April 20, 2010
SEC v. Cohmad Securities Corp. -- What Does this Madoff Case Gone Bad Predict for SEC v. Goldman?
Posted by Christine Hurt

Our memory of seminal events tend to fade with each new and salient event, so after Bernard Madoff we could only vaguely remember Enron, and after the revelations of the enforcement action against Goldman, Sachs, it's hard to remember who Madoff was.  (See Glom posts on SEC v. Goldman all over, but here, here and here.)  However, a hardly noted piece of the Madoff prosecution may be instructional for what lies ahead in the Goldman action.

Much of the narrative surrounding the Madoff proseuction was that regardless of what Madoff maintains, he simply could not sustain a 20- or 30-year Ponzi scheme without no one else knowing about it.  Bernard L. Madoff Investment Securities LLC relied on several key employees, auditors and feeder funds.  It's headquarters was two floors down from Madoff's trading and market-making operations, which employed his two sons, his brother and many other people.  No one seems to believe that Madoff could have fooled all of the people all of the time.  So, the DOJ has charged a few people with criminal fraud:  Frank DiPascali, who pleaded guilty, Daniel Bonventre, BLMIS director of operations who maintains his innocence, David G. Friehling, who pleaded guilty, and two computer programmers.

In addition, the SEC filed civil complaints against Cohmad Securities Corporation and its principals and Stanley Chais, for acting as feeder funds and recruiters to BLMIS.  The first of these cases, against Cohmad and its recruiter Robert Jaffe, ended in dismissal by Judge Louis Stanton of the Southern District of New York.  Note that Cohmad Securities was founded by Madoff and his friend Sonny Cohn and was housed on the same floor as BLMIS.  Madoff owns 15% of Cohmad, his brother owns 9%, and Ruth Madoff was also a client.  Jaffe recruited investors in Palm Beach for Madoff.  However, the Southern District held that the SEC had not met its pleading burden for most of the fraud claims under Ashcroft v. Iqbal, 129 S.Ct. 1937 (2009).  The court stated the Iqbal holding that

"A complaint must contain sufficient factual matter, accepted as true, to state a claim to relief that is plausible on its face.  A claim has facial plausibility when the plaintiff pleads factual content that allows the court to draw the reasonable inference that the defendant is liable for the misconduct alleged.  The plausibility standard is not akin to a probability requirement, but it asks for more than a sheer possibility that a defendant has acted unlawfully.  Where a complaint pleads facts that are merely consistent with a defendant's liability, it stops short of the line between possibility and plausibility of entitlement to relief."
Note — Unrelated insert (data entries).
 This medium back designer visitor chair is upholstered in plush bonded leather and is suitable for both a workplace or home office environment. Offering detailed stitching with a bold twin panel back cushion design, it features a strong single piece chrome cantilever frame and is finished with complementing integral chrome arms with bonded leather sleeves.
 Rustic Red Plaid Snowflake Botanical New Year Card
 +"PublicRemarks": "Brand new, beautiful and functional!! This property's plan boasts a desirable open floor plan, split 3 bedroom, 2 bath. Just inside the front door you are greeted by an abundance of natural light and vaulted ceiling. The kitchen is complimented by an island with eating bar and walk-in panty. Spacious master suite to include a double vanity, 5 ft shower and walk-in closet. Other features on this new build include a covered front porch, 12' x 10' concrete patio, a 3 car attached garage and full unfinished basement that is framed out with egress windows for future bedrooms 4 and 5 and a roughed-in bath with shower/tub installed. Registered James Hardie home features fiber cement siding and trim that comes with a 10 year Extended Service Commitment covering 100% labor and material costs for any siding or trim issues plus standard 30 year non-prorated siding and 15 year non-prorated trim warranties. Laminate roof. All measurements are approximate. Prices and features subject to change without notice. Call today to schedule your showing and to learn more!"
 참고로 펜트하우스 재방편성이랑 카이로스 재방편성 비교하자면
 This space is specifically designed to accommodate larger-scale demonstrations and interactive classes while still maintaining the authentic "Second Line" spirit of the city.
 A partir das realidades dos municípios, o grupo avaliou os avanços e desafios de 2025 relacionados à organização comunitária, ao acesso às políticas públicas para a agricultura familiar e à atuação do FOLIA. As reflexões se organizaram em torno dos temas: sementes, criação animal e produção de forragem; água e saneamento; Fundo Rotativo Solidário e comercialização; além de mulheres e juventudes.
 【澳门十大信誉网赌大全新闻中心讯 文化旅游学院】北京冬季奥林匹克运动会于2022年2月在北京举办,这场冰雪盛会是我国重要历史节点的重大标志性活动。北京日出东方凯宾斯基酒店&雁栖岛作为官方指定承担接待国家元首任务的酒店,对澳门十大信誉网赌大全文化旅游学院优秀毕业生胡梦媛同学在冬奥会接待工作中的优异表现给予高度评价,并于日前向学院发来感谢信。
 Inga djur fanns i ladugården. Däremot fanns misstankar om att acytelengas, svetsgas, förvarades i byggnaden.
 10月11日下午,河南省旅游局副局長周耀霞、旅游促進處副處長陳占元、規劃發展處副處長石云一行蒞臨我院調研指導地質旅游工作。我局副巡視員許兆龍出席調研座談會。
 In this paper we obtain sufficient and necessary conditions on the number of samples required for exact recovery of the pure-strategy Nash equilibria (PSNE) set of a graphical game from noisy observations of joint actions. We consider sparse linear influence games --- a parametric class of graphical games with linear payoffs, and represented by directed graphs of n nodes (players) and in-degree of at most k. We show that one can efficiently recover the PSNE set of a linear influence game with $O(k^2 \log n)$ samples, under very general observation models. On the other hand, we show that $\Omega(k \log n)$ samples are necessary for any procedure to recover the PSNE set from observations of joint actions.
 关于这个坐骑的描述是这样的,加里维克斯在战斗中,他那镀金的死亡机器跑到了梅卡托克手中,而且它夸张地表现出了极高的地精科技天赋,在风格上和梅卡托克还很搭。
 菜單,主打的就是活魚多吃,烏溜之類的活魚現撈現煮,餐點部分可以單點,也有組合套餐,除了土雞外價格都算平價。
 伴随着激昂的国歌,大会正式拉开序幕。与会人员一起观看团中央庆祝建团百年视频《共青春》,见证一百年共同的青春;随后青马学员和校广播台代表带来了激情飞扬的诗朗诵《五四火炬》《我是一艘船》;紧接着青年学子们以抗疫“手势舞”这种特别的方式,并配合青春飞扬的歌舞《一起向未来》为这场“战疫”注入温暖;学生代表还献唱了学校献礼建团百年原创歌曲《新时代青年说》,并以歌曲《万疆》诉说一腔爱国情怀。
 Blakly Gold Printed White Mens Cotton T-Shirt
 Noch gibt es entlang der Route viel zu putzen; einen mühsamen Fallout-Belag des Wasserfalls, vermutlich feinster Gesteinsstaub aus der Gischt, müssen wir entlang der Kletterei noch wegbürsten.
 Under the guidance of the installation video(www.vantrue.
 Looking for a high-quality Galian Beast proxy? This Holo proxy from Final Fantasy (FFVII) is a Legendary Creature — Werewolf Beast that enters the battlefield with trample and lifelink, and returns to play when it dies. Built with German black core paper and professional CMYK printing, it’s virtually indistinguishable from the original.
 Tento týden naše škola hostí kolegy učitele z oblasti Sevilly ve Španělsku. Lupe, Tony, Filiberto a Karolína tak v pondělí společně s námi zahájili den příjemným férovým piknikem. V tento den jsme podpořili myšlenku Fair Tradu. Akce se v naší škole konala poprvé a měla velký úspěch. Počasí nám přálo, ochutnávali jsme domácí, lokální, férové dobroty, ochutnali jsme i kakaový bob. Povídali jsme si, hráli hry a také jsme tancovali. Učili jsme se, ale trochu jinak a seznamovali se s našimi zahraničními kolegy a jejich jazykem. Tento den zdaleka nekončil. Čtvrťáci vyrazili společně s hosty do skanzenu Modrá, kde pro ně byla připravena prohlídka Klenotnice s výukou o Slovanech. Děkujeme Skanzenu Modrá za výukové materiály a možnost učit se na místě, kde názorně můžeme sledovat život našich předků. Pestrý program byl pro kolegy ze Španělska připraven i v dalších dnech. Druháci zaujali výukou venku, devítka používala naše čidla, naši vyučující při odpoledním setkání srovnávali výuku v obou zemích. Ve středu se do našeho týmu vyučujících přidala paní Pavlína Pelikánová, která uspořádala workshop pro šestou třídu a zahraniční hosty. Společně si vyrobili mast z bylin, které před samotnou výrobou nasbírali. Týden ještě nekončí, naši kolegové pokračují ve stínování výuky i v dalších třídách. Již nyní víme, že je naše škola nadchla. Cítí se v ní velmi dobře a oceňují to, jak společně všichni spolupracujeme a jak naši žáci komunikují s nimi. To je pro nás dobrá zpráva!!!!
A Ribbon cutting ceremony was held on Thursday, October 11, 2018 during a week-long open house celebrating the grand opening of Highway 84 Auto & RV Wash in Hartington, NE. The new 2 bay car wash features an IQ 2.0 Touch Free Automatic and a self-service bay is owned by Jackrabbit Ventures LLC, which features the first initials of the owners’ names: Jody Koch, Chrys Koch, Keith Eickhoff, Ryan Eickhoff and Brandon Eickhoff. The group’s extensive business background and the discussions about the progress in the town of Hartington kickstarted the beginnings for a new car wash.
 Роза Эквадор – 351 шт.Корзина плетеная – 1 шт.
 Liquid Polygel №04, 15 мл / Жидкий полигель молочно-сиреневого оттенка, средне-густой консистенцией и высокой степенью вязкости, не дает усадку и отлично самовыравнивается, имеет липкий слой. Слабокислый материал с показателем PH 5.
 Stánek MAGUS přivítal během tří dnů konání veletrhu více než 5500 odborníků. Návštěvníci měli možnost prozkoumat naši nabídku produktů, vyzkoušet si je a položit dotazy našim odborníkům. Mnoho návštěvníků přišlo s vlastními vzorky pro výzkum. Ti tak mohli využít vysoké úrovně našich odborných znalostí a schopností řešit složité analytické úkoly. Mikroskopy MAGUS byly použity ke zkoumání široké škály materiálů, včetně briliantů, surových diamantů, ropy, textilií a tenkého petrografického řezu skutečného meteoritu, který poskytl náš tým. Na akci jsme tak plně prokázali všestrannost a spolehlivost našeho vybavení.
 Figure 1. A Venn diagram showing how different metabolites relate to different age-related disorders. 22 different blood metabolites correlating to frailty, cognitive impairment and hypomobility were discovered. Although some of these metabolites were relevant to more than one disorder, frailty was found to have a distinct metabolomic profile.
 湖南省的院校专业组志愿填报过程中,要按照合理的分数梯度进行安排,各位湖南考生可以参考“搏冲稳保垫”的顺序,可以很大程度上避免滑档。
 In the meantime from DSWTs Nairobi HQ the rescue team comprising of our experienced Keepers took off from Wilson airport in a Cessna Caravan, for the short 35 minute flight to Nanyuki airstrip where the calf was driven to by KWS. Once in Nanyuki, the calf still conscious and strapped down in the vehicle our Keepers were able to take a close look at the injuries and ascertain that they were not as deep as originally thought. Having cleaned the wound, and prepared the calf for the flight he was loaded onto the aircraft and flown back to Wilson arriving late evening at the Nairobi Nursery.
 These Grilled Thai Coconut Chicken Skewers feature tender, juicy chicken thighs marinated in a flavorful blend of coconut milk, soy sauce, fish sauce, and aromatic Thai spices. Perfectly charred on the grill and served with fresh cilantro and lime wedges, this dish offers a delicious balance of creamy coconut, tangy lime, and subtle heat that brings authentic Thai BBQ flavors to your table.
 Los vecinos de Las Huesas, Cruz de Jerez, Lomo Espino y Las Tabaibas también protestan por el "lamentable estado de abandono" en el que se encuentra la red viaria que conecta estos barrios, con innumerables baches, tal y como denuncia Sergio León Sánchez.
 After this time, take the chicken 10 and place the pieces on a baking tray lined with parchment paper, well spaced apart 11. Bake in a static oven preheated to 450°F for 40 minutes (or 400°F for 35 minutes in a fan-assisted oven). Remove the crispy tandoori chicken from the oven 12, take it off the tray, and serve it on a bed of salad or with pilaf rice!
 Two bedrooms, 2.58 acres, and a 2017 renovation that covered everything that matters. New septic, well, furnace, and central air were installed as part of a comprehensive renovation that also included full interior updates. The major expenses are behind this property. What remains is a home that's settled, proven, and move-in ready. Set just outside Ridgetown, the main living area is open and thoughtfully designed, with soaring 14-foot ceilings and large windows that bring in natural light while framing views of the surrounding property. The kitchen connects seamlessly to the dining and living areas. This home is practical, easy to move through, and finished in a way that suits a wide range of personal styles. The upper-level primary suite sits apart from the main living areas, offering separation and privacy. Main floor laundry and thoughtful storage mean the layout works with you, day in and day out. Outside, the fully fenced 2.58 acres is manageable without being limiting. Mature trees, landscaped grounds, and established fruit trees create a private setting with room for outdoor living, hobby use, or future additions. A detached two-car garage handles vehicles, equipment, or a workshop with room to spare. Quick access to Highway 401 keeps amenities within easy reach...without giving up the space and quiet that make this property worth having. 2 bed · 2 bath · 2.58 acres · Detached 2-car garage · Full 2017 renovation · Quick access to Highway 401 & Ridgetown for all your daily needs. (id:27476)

Here is the SEC complaint, if you want to try your hand and picking out facts with possible inferences, plausible inferences and probable inferences.  I am not a CivPro expert, but I am told that this case is a rather strict reading of Iqbal.  I leave it to you people to parse the ongoing implications of that case.  Just as an uninitiated observer, I disagree with the Cohmad court's ruling on at least one point.  The complaint shows that Cohmad did not disclose its relationship with Madoff on required filings with the SEC.  For example, Cohmad filings do not include any reference to BLMIS in answers to questions about referring or introducing customers or being affiliated with other advisory businesses.  The court believes that the chain of inferences from lying to regulators about its relationship with an unregistered advisory business to which it funnelled accounts for fees accounting for as much as 90% of its annual revenue is "speculative and flimsy."  As a minor victory, the court did not dismiss the counts for not correctly filing the required broker-dealer forms, but refused to make the leap from lying on the forms to knowing that BLMIS was not a legitimate business.

So, we always thought the SEC had it easier than private plaintiffs because it could bring actions against aiders and abetters and didn't have to deal with pleading requirements of the PSLRA.  I guess Iqbal somehow levels that playing field, although possibly not in the right direction.

The Cohmad case seemed to be the easiest case to bring, and maybe it would have been for the DOJ, who operates under different and sometimes easier rules for securities cases than civil rules.  Judge Stanton did dismiss without prejudice with leave to replead for 30 days, but that deadline passed over a month ago.

So, will the Goldman complaint survive the inevitable Motion to Dismiss?  The judge seems to be Judge Barbara Jones, so perhaps we will have to wait for her interpretation of plausible inference and "speculative and flimsy."